Here's a sample input:
Color 1 -> 4 socks
Color 2 -> 3 socks
Color 3 -> 7 socks
Color 4 -> 11 socks
Color 5 -> 4 socks
The way I'm doing is I first read the input into an array and sort it increasingly. That way I'll have the highest number of socks at the end of the array. From here I basically compare arr[i] and arr[i-1] and get the min between them. Add that to the total, save the remainder and just repeat the process going down the array. For example, using the sample input it looks something like this:
Sorted array: [3,4,4,7,11]
1:3 socks ---> 1:3 socks ---> 1:0 socks ---> 1:0 socks
2:4 socks ---> 2:4 socks ---> 2:1 socks ---> 2:1 socks
3:4 socks ---> 3:4 socks ---> 3:0 socks ---> 3:0 socks
4:7 socks ---> 4:0 socks ---> 4:0 socks ---> 4:0 socks
5:11 socks ---> 5:4 socks ---> 5:0 socks ---> 5:0 socks
------> total = 14 possible combinations of mismatched socks. This seems way too naive an approach. Does anyone have any ideas on how to optimize it ? I can post my code for this if necessary.
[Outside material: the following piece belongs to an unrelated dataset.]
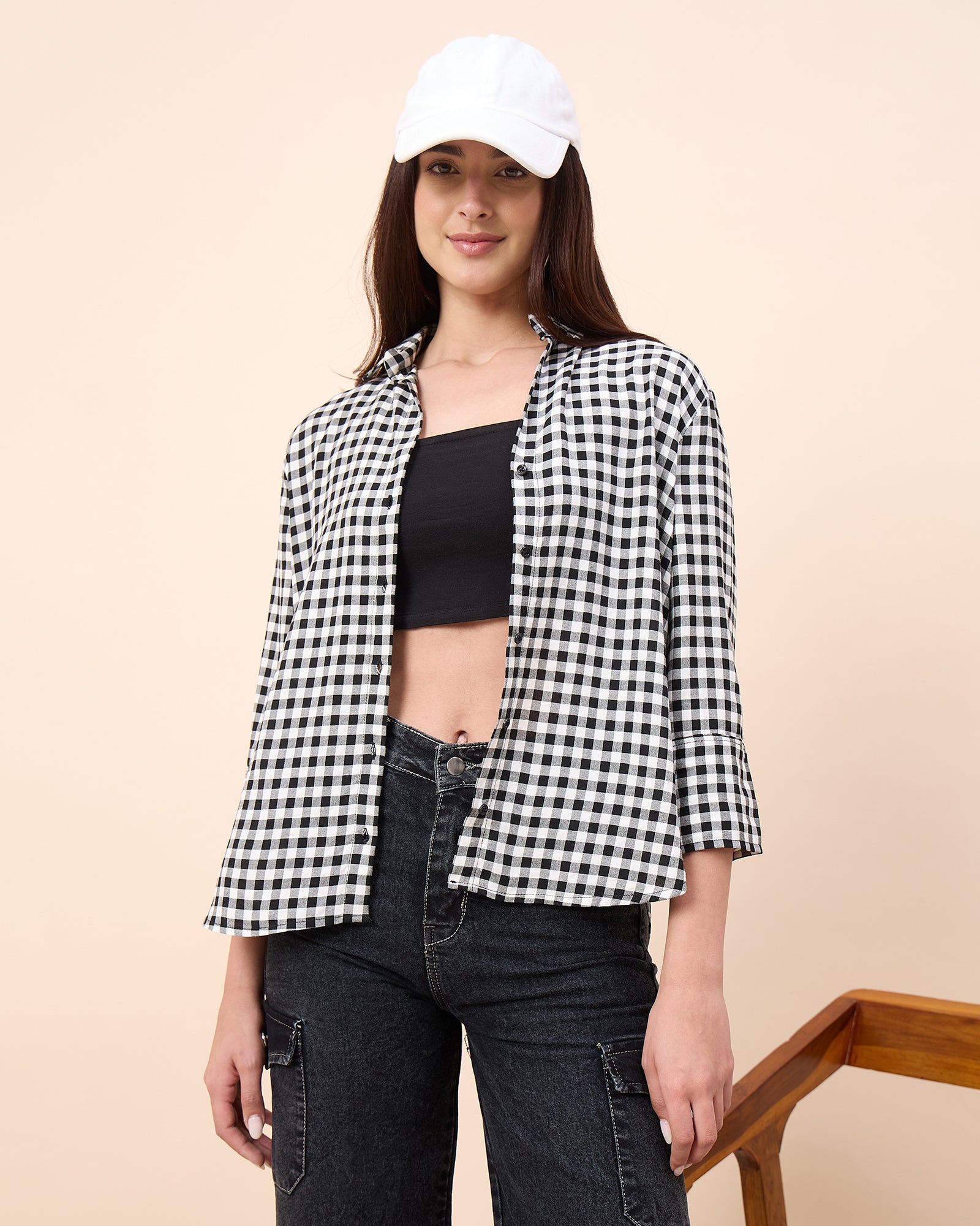 Chimpaaanzee Women Black & White Oversized Shirt

I think the optimal solution can be found by examining all possible groupings of the different sock colors into 2 piles. For each such grouping p odd pairs of socks can be made, where p is the number of socks in the smallest pile. You want the grouping that gives the maximum p. You can generate all possible groupings of socks into 2 piles recursively.
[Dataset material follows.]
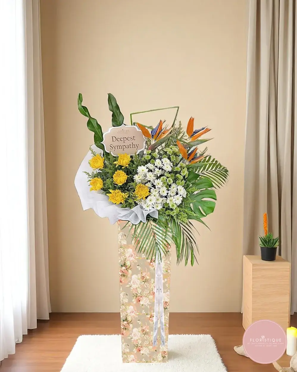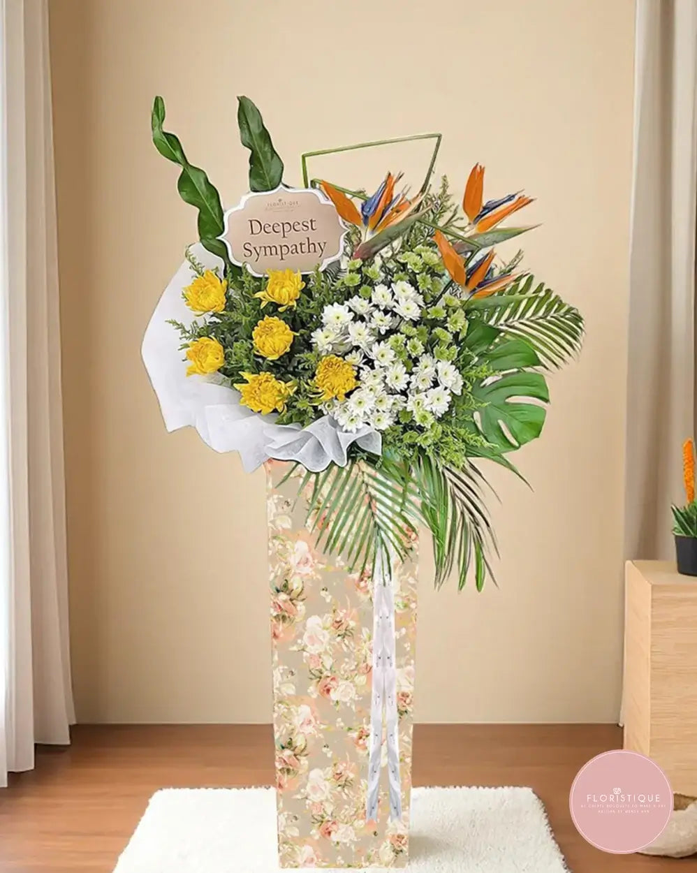 Includes free condolence flower delivery Singapore. A dignified funeral flower stand Singapore option to honour and celebrate a cherished life.

Here's some Java code to illustrate:
public static void main(String[] args)
{
int[] socks = {3,4,4,7,11};
System.out.println(count(0, 0, socks, 0));
}
static int count(int a, int b, int[] socks, int i)
{
if(i == socks.length)
{
return Math.min(a, b);
}
return Math.max(count(a+socks[i], b, socks, i+1),
count(a, b+socks[i], socks, i+1));
}
Output:
14
Build a graph data structure. Every sock is vertex. Make edges from every vertex to all vertices of another color.
Now find power of maximum matching - size of the set of edges without common vertices.
You can build max matching using Edmonds algorithm in polynomial time O(V^2*E). Seems that graph for this task would be dense, so complexity tends to O(V^4). There exists also Micali and Vazirani algorithm with lesser complexity (don't know about implementation hardness).
If your task doesn't require max matching itself - only number of edges, then that value might be calculated using randomized Lovasz algorithm based on Tutte's matrix theorem. (I did not find concise English description - perhaps terms might differ, short one in Russian is here)
"HOPEFULLY CORRECT THIS TIME!" METHOD
Step 1: Check if there's 2 or more colours left. If there's none or one colour left you're finished (can't find more pairs).
Step 2: Find one colour that has the lowest non-zero count
Step 3: Excluding the colour with the lowest count (in case all colours have the same count); find the highest count and determine how many colours share the highest count
Step 4: Excluding the colour with the lowest count and all colours with the highest count; try to find the second highest count.
Step 5a: If there is a second highest count, calculate amount_to_pair = min(highest_count - second_highest_count, lowest_count).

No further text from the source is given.